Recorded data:
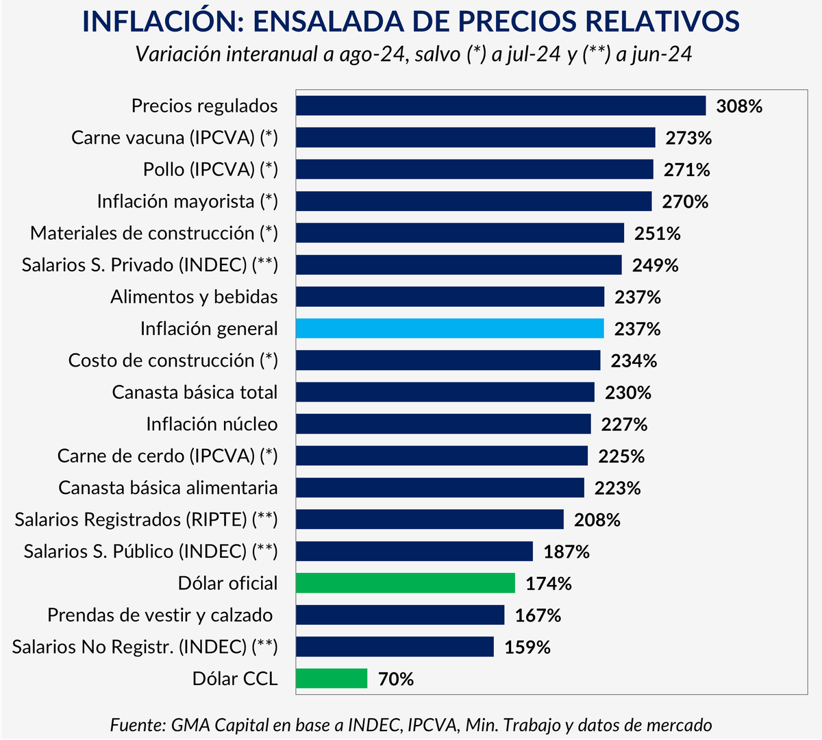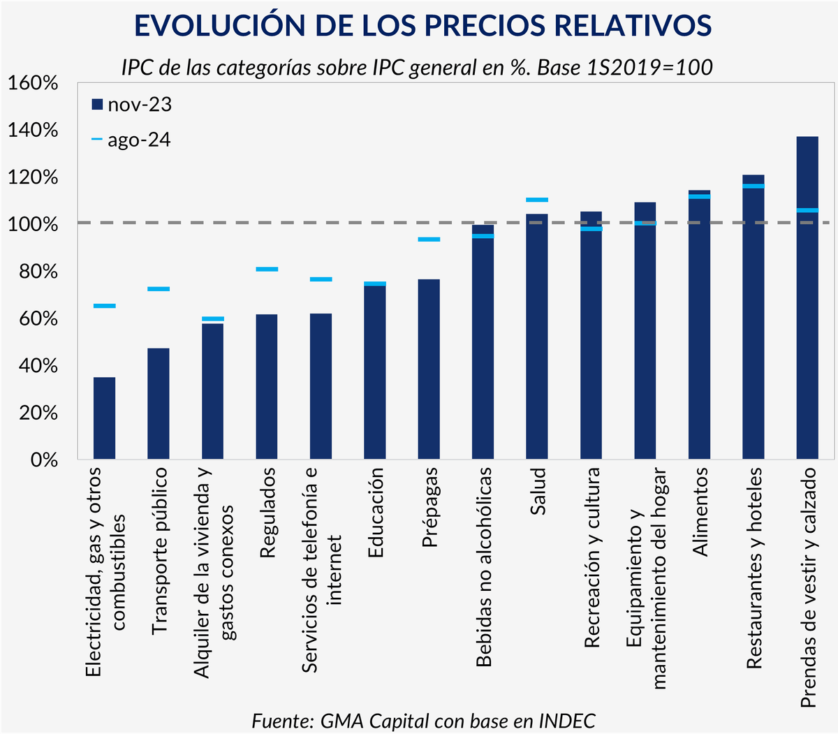 Este ajuste está impulsando lo que se conoce como un efecto de catch-up o "puesta al día". Luego de haber corregido precios de alimentos, combustibles y del propio dólar, la economía se encuentra en una etapa de reequilibrio de precios relativos. Y el proceso no ha concluido: septiembre traerá aumentos promedio del 4% en combustibles, un 5% en tarifas de agua potable y cloacas, y un ajuste del 4% para quienes no estén registrados en el RASE (Registro de Acceso a los Subsidios de Energía).
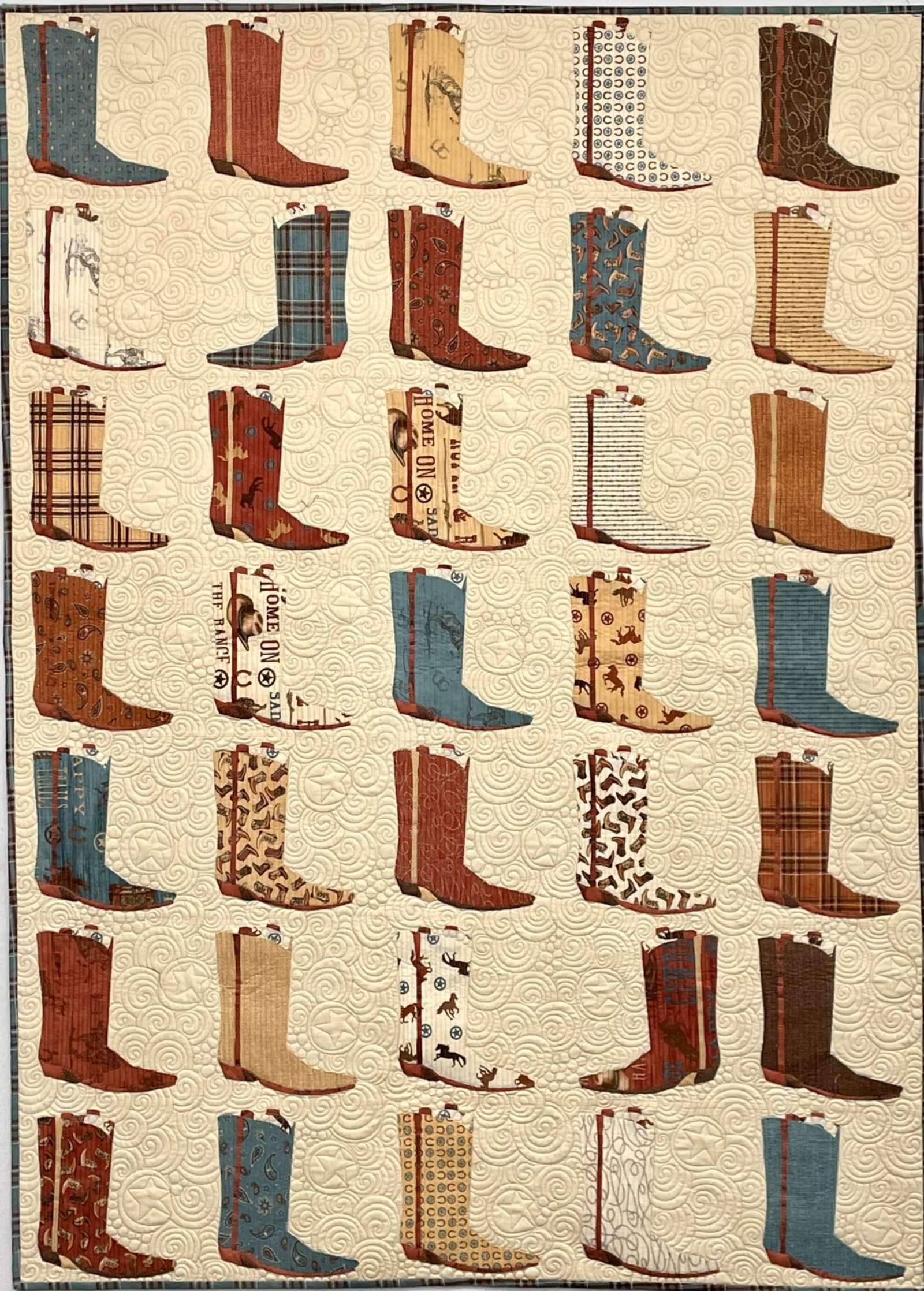 This is a Laser cut applique quilt using cotton fabrics. Bootaholic Quilt Kit includes: Fabric, Prefused Laser Cut Applique's and Pattern the complete the quilt top including binding. Finished Size: 50" x 70" Additional Materials needed: 3 1/4 backing
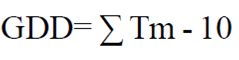 Development degree days (GDD) is an index ofheat buildup, commonly used to define the suitability of a region for growing grapes (Diffenbaugh et al., 2011; Hall and Jones, 2014). It is based on the observation that the vines begin their active growth in the spring when the average air temperature for five consecutive days reaches 10 °C (Amerine and Winkler, 1944).
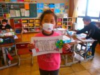 ポイントカードの片面が終わってスペシャルプレゼントをもらった児童です。
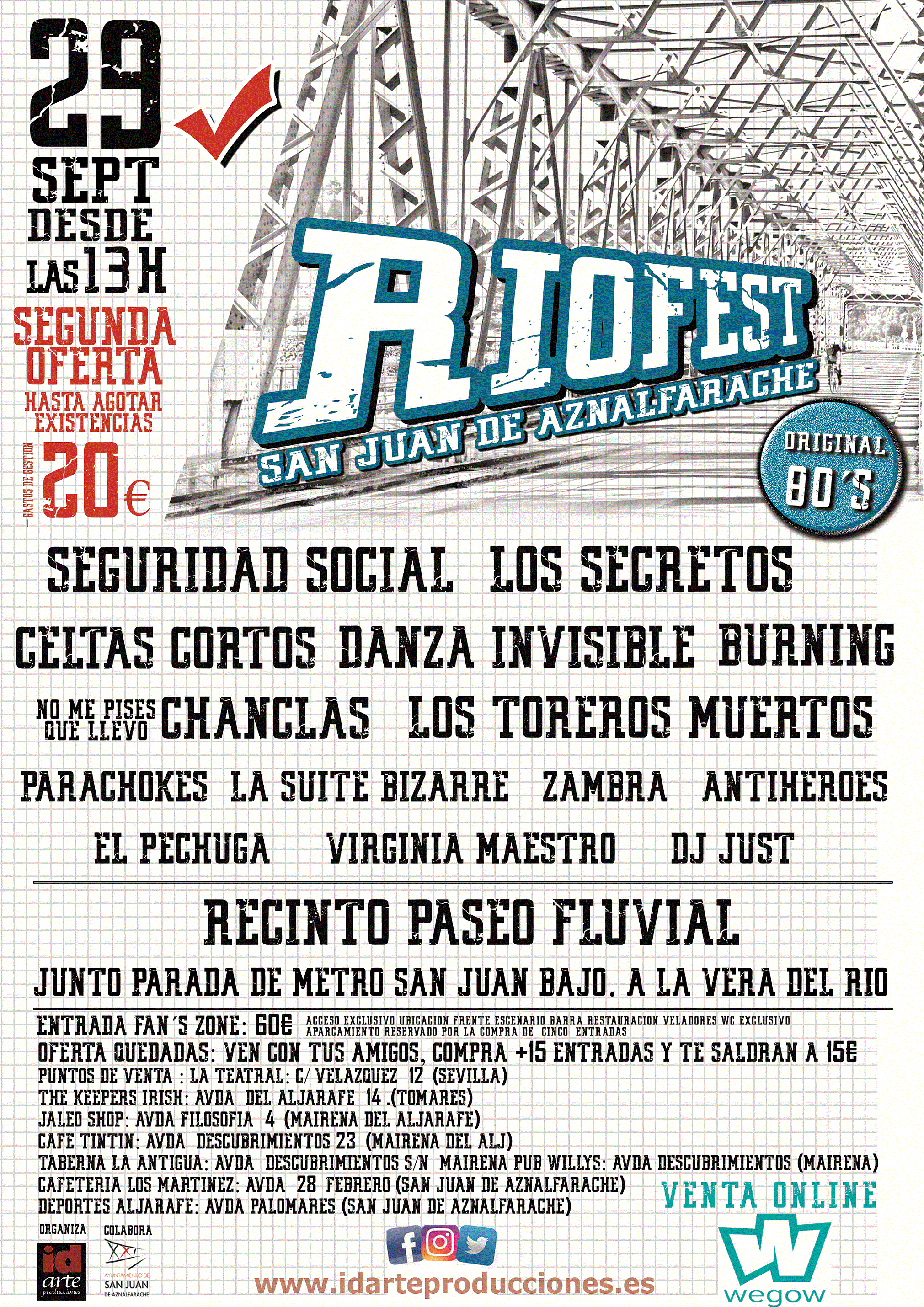 Mayormente , y saco ya mi lenguaje llano ….los dos conciertos son acojonantes….a saber….en el RIOFEST de San Juan actuaran …..PARACHOKES , SEGURIDAD SOCIAL , LOS TOREROS MUERTOS , CELTAS CORTOS , BURNING , NO ME PISES QUE LLEVO CHANCLAS , DANZA INVISIBLE …y mis adorados LOS SECRETOS…

Task directions: Return the data above unchanged. Pictures are not part of the copy.

Result:
 Este ajuste está impulsando lo que se conoce como un efecto de catch-up o "puesta al día". Luego de haber corregido precios de alimentos, combustibles y del propio dólar, la economía se encuentra en una etapa de reequilibrio de precios relativos. Y el proceso no ha concluido: septiembre traerá aumentos promedio del 4% en combustibles, un 5% en tarifas de agua potable y cloacas, y un ajuste del 4% para quienes no estén registrados en el RASE (Registro de Acceso a los Subsidios de Energía).
 This is a Laser cut applique quilt using cotton fabrics. Bootaholic Quilt Kit includes: Fabric, Prefused Laser Cut Applique's and Pattern the complete the quilt top including binding. Finished Size: 50" x 70" Additional Materials needed: 3 1/4 backing
 Development degree days (GDD) is an index ofheat buildup, commonly used to define the suitability of a region for growing grapes (Diffenbaugh et al., 2011; Hall and Jones, 2014). It is based on the observation that the vines begin their active growth in the spring when the average air temperature for five consecutive days reaches 10 °C (Amerine and Winkler, 1944).
 ポイントカードの片面が終わってスペシャルプレゼントをもらった児童です。
 Mayormente , y saco ya mi lenguaje llano ….los dos conciertos son acojonantes….a saber….en el RIOFEST de San Juan actuaran …..PARACHOKES , SEGURIDAD SOCIAL , LOS TOREROS MUERTOS , CELTAS CORTOS , BURNING , NO ME PISES QUE LLEVO CHANCLAS , DANZA INVISIBLE …y mis adorados LOS SECRETOS…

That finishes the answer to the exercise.